In 1964, Many More Victims
Yemen's geography and climate, its lack of basic infrastructure and the complexity of local, national and regional politics continue to be a challenge for the ICRC throughout 1964. Hostilities continue unabated and, too often, so do violations of international humanitarian law.
Civilians, already destitute before the hostilities began, now bear the brunt of the conflict.
The organization's response grows accordingly: many more victims – prisoners, internees, wounded and sick – are assisted that year. All in all, Yemen remains an exceptionally challenging operational environment.
The parties have agreed to the provisions of Article 3 of the Geneva Conventions, giving the institution a solid legal basis to intervene, sometimes forcefully, with authorities on both sides. Visits to Egyptian and republican prisoners require long and difficult expeditions into mountain areas where there are no roads. The humanitarian impact of these visits is, however, significant. The prisoners are virtually cut off from the rest of the world; everything, food and medicine in particular, is lacking. Doctors are often part of the visiting teams and treat sick or wounded detainees on the spot.

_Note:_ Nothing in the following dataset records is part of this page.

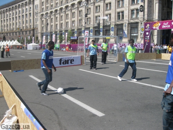 Близько 11:00 сьогодні чорношкірі хлопці грали в футбол посеред Майдану Незалежності на території київської фан-зони Євро-2012.
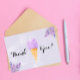 Denna syren-tema bröllopsfest-tack-kort är en del av Ice Cream Social-kollektionen, med en pastelljus bakgrund och blommor, perfekt för att avsluta din fest i stil!
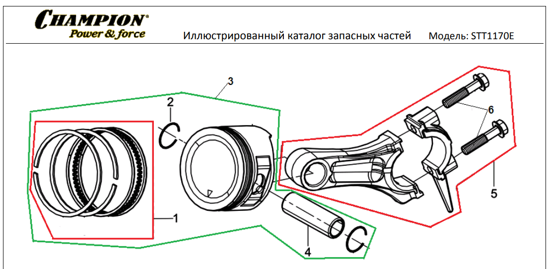 15 ПОРШЕНЬ -ЦИЛИНДР -КОЛЕНВАЛ- КОЛЬЦА | СНЕГОУБОРЩИК CHAMPION STT1170E |Запчасти по России | СПБ
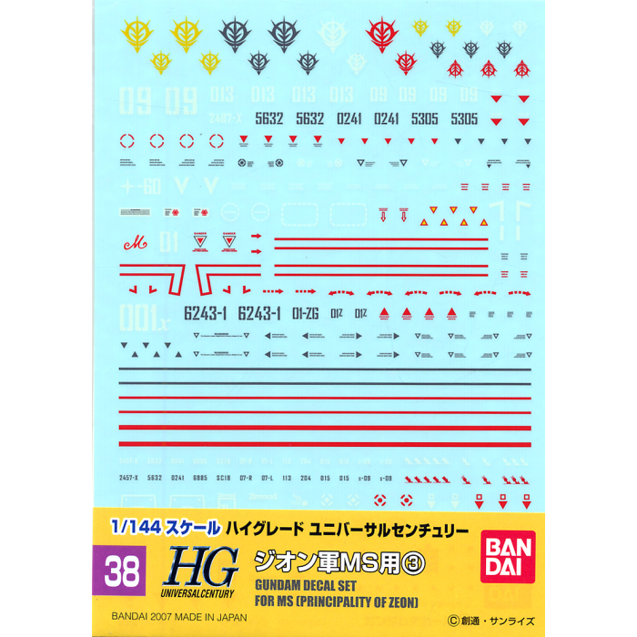 This sheet of water-slide decals is recommended for HGUC Dom/Rick Dom, Zeong, and Gyan model kits, and can be used with other HGUC Zeon MS model kits as well.
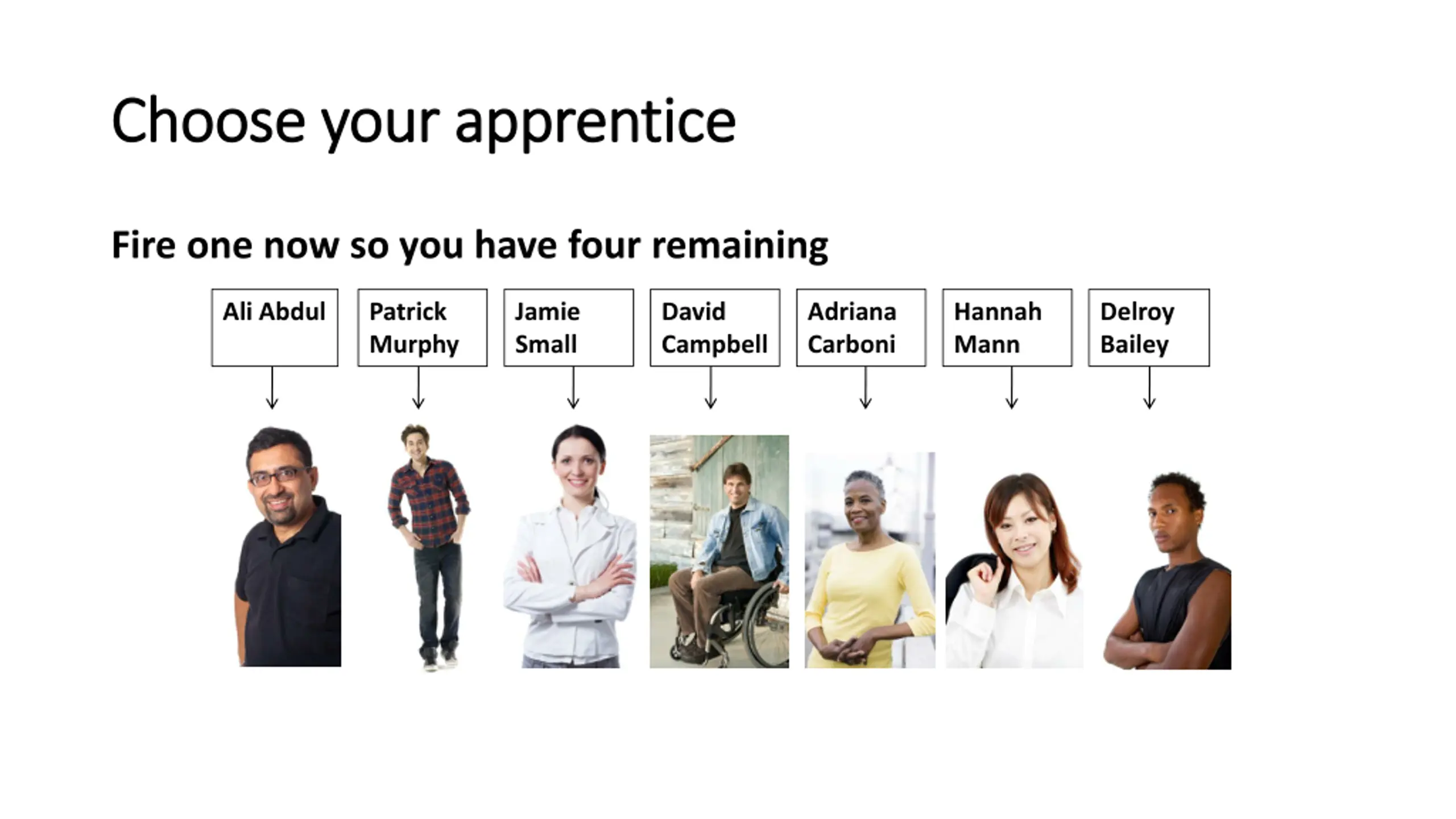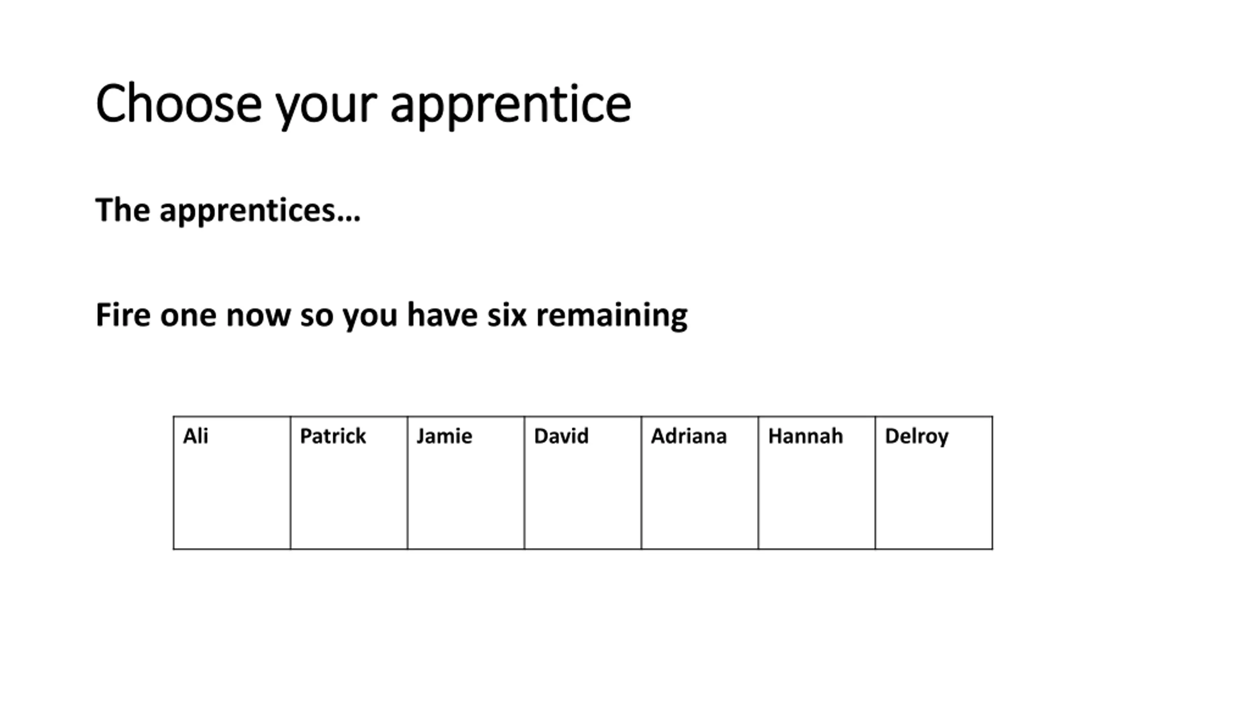 Choose your apprentice Choose your apprentice You have 7 applicants (write these names down): Ali Patrick Jamie David Adriana Hannah Delroy Each time I reveal a layer of information about each applicant, you need to fire one person by crossing out their name. Who will you fire and hire ?

In the early spring of '64, Yemen head of delegation André Rochat, several delegates and a doctor leave from Uqd Field Hospital with over 500 kilos of supplies to visit royalist areas controlled by the Naham tribe, whose territory lays east of Sana'a. They travel by truck, camel and donkey and by foot, crossing several frontlines. They are generally well received by military commanders on both sides. Naham tribal leaders and fighters are waiting for the delegates; their arrival in these secluded mountains has been announced by radio.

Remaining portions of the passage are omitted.